现有技术中的栅控型功率器件在加工过程中,空穴电流流经重掺杂N型区下方,被发射极吸收。由于发射极和重掺杂N型区始终处于零电位,因此重掺杂N型区下方的P型区(P型区包括P型井和重掺杂P型区)会存在掺杂电阻,结合空穴电流,会导致重掺杂N型区与P型区之间存在电位差。当空穴电流增加时,特别是器件关断时,该电位差可能会大于0.7V,导致P/N节开启,器件闩锁,从而热击穿,引起器件失效。因此,现有技术对重掺杂P型区进行了改进,常规手段是通过发射极接触孔进行硼注入工艺。但是,由于发射极接触孔与栅极两层之间的光刻工艺对位存在偏差,为了确保重掺杂P型区不会影响器件的其他电学性能,通常重掺杂P型区和栅极之间必须保持较大的间距。为了改善器件的安全工作区性能,通常需要加强重掺杂P型区的掺杂浓度,但是由于重掺杂P型区和栅极之间间距较大,随着器件电流能力需求的增大,加强重掺杂P型区掺杂浓度的难度也越来越大。因此,如何缩小重掺杂P型区和栅极之间的间距则是现有技术中存在的难题。
发明内容
发明目的:本发明的目的是提供一种改进栅控型功率器件安全工作区性能的自对准工艺,能够通过控制衬垫结构的宽度来控制重掺杂P型区和栅极之间的间距,从而缩小重掺杂P型区和栅极之间的间距。

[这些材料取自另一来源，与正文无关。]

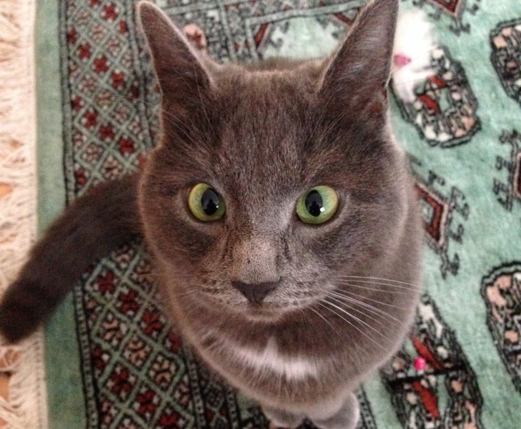 Hun er omtrent 4 kilo dvs veldig liten for å va voksen katt.
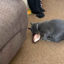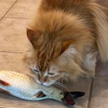 Since opening this toy, my cat has refused to put it down. He has spent literal hours just carrying it everywhere with him and watching it until the battery finally died and he lost interest. Luckily, the fish has a rechargeable battery so I just plugged the fish in overnight and it was as good as new in the morning. He likes to carry the fish everywhere with him, it even came bird watching on the windowsill with him. The motor to the fish isn’t loud but it isn’t silent either, the fish has an on/off switch so I make sure to turn it off at night time while it’s recharging so that I’m not woken up by a stuffed fish flapping on my face. Definitely a fun toy for cats and it comes highly recommended by my cat.
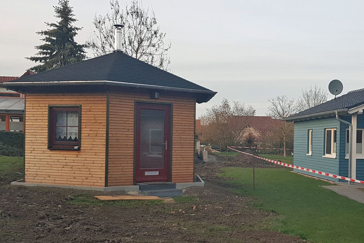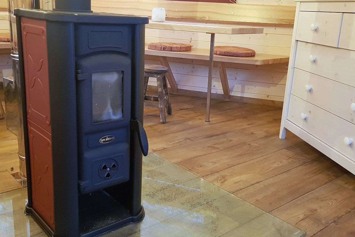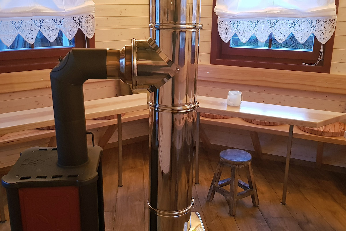 Neu ist unsere Gemeinschaftshütte mit Holzofen. Dort können Sie gemütlich sitzen und feiern (Platz für ca. 13 Personen). Wenn beide Ferienhäuser zusammen gebucht sind, kann die Hütte zum gemeinsamen Frühstück genutzt werden.
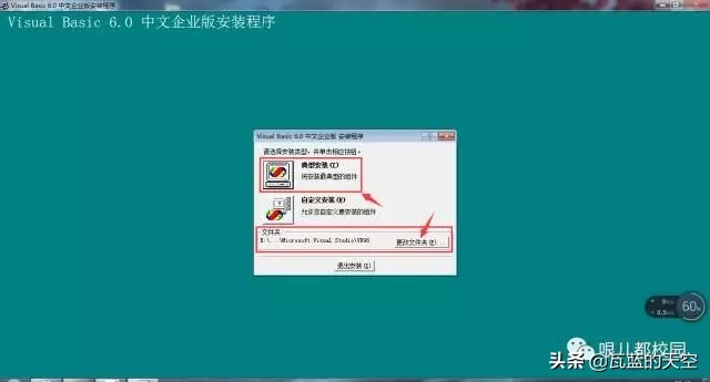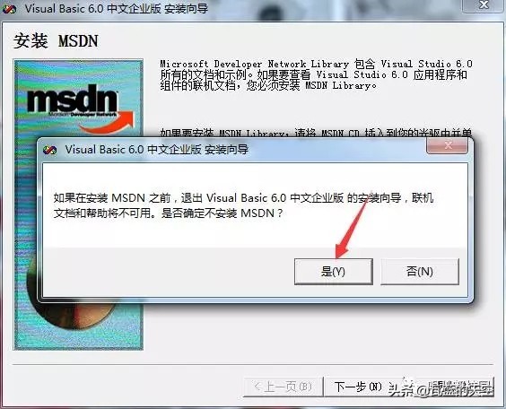 14.选择典型安装,默认安装在C盘(建议安装在除C盘以外的磁盘上,可在D盘或其它盘上新建文件夹VB6.0或者直接将C改成D),然后再点击“是”
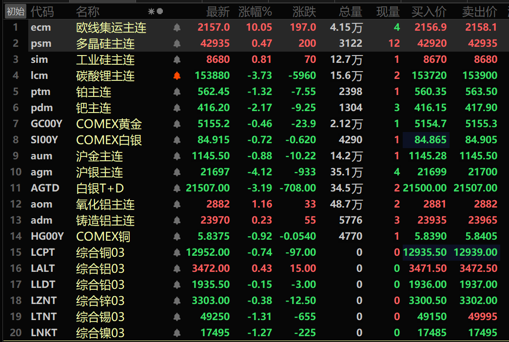 此外,截至午间收盘,铂主连期货跌1.32%,钯主连期货跌2.17%。
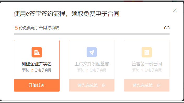 具体地,用户完成实名认证之后,可以免费领取CA数字证书,以及专属的电子印章。另外,e签宝的新用户注册,可以免费领取5份电子合同。用户完成实名登录e签宝官网【esign.cn】之后,点击【我要领取】,打开新手任务详情,每完成一个任务,即可获得相应的合同份数。
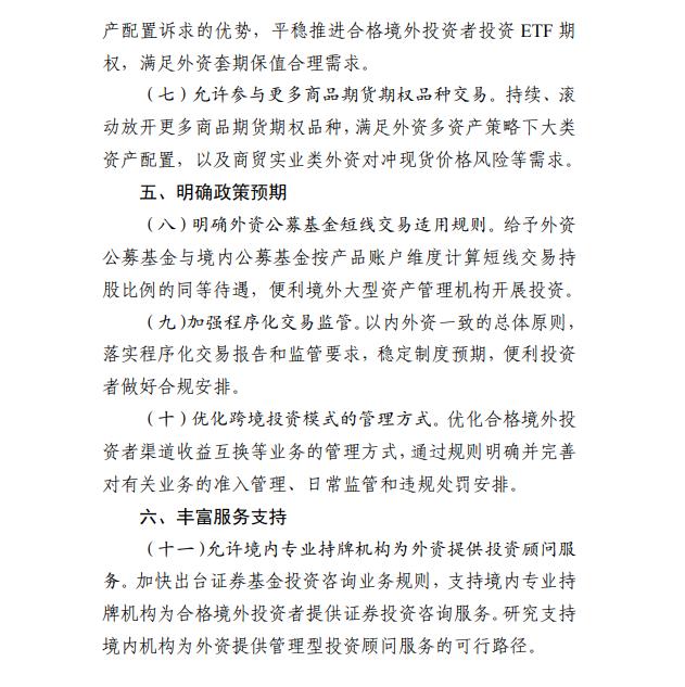 近日,中国证监会印发《合格境外投资者制度优化工作方案》(以下简称《工作方案》)。 党的二十届三中全会明确提出优化合格境外投资者制度。合格境外投资者制度是我国资本市场最早施行的开放制度之一,推出以来总体保持运行平稳,是境外投资者投资中国的综合性资产配置渠道,在扩大资本市场对外开放方面发挥了积极作用。 《工作方案》以习近平新时代中国特色社会主义思想为指导,深入贯彻落实二十届三中、四中全会,中央金融工作会议精神,坚持统筹金融开放和安全,坚持市场化、法治化、国际化方向,以优化准入管理、便利投资运作等为着力点,力争用两年左右的时间,推动落实优化合格境外投资者制度机制的改革举措,增强制度对境外中长期资金的吸引力,形成在岸与离岸渠道协调互补、配置型与交易型资金平衡发展、境内外证券基金期货机构良性互动的开放新格局。 下一步,中国证监会将推动《工作方案》提出的各项开放优化举措尽快落实落地,并在此基础上进一步深化对合格境外投资者制度的研究,不断丰富提升对外开放制度吸引力的改革举措。 ![]() ![]() ![]()
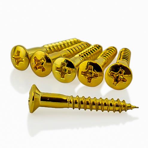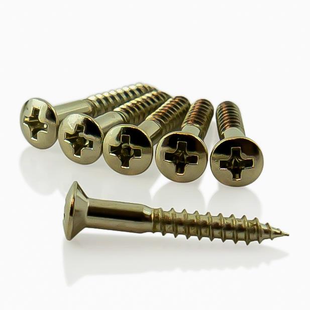 Countersunk screws for fitting of guitar bridges, and other hardware where a flush finish is required
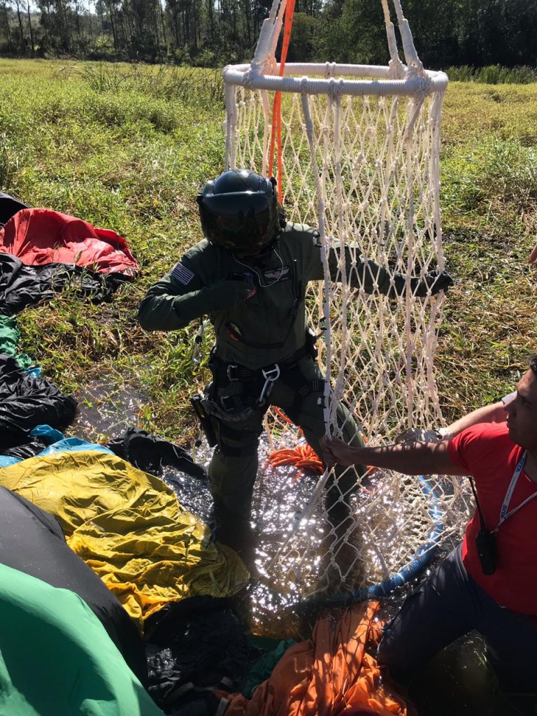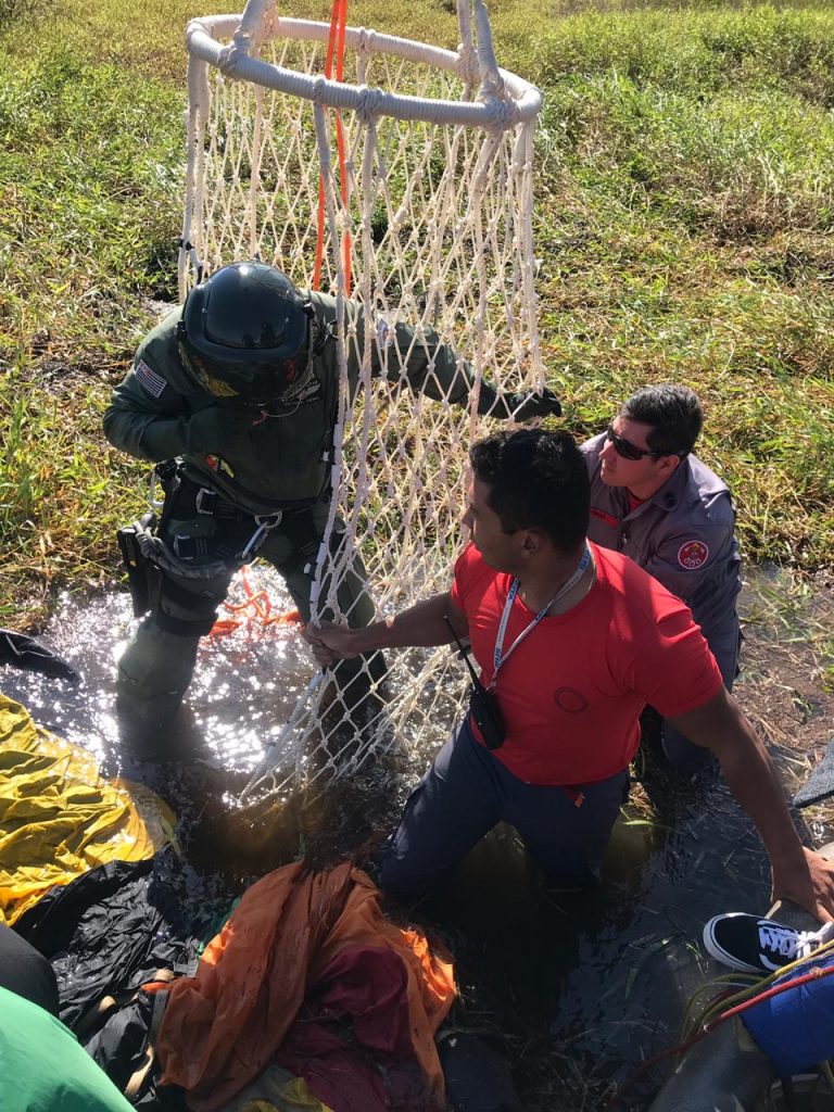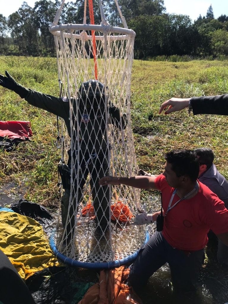 Para efetuar o resgate das vítimas foi utilizado o cesto de salvamento, sendo reitado duas vítimas por vez. Dentre as vítimas se encontrava uma criança e uma senhora que havia sido submetida a cirurgia a pouco tempo.
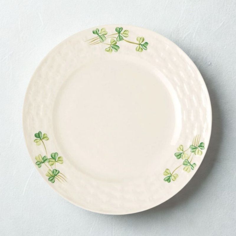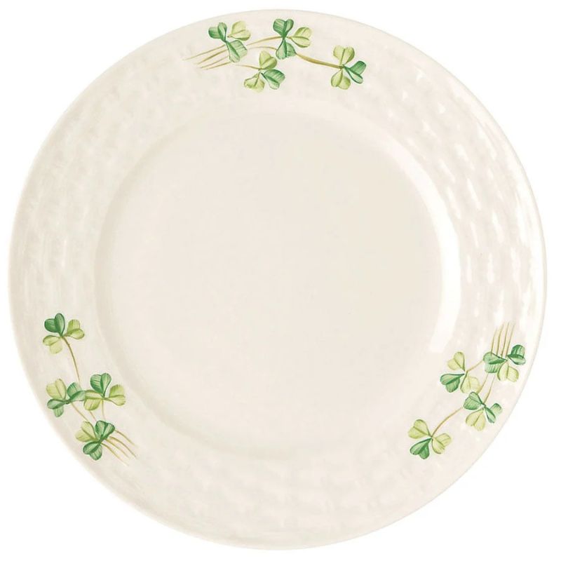 Our Belleek Basketweave Dinner Side Plate feels familiar and traditionaș. The baske tweave design goes all the way back to the 1880s and was inspired by the wicker baskets that were once everywhere in Ireland, carried to markets, used in kitchens, and woven by hand in towns and countryside alike. The shamrocks are handpainted into the design in a way that feels unique, with their stems forming gentle curves and details instead of simply sitting on the surface.

技术方案:本发明所述的改进栅控型功率器件安全工作区性能的自对准工艺,在进行重掺杂P型注入之前,在栅极端部向发射极接触孔的方向形成衬垫结构,然后以该衬垫结构作为阻挡进行重掺杂P型注入,重掺杂P型注入之后,去除衬垫结构。
进一步,所述重掺杂P型注入之后,通过刻蚀的方式去除衬垫结构。
进一步,所述刻蚀的方式采用热磷酸湿法刻蚀和氢氟酸湿法刻蚀。
进一步,所述形成衬垫结构之前,进行以下操作:先进行栅极的沉积和刻蚀,然后进行氧化层、氮化层的沉积。
进一步,所述衬垫结构通过各向异性刻蚀形成。
有益效果:本发明公开了一种改进栅控型功率器件安全工作区性能的自对准工艺,与现有技术相比,具有如下的有益效果:
1)本发明能够通过调节氮化层沉积的时间、气体流量和压力等工艺参数来调节衬垫结构的宽度,从而能够将重掺杂P型区和栅极之间距离缩短至1um之内,远小于发射极接触孔和栅极之间的1.5um~2.0um的间距,从而能够大幅提高栅控型功率器件的安全工作区性能;
2)本发明通过衬垫结构进行阻挡,不再需要光刻胶阻挡就能实现重掺杂P型注入的自对准,从根本上消除了发射极接触孔与栅极两层之间的光刻工艺对位存在的偏差对器件的影响;
3)本发明工艺简单,有利于器件性能一致性的提高。
附图说明
图1为现有技术中栅控型功率器件的结构示意图;
图2为本发明具体实施方式中衬垫结构的示意图;
图3为本发明具体实施方式中栅控型功率器件的结构示意图;
图4为本发明具体实施方式中完成了栅极沉积和刻蚀步骤之后器件的截面图;
图5为本发明具体实施方式中作为衬垫结构膜层的氧化层和氮化层沉积的截面图;
图6为本发明具体实施方式中各向异性刻蚀形成衬垫结构之后的截面图;
图7为本发明具体实施方式中利用衬垫结构作为阻挡层,实现重掺杂P型注入的示意图。
具体实施方式
现有技术中栅控型功率器件的结构如图1所示,包括N型衬底41、栅极11、发射极接触孔21、收集极31、P型井51、重掺杂N型区61以及重掺杂P型区71。重掺杂P型区71与栅极11之间的区域为区域81。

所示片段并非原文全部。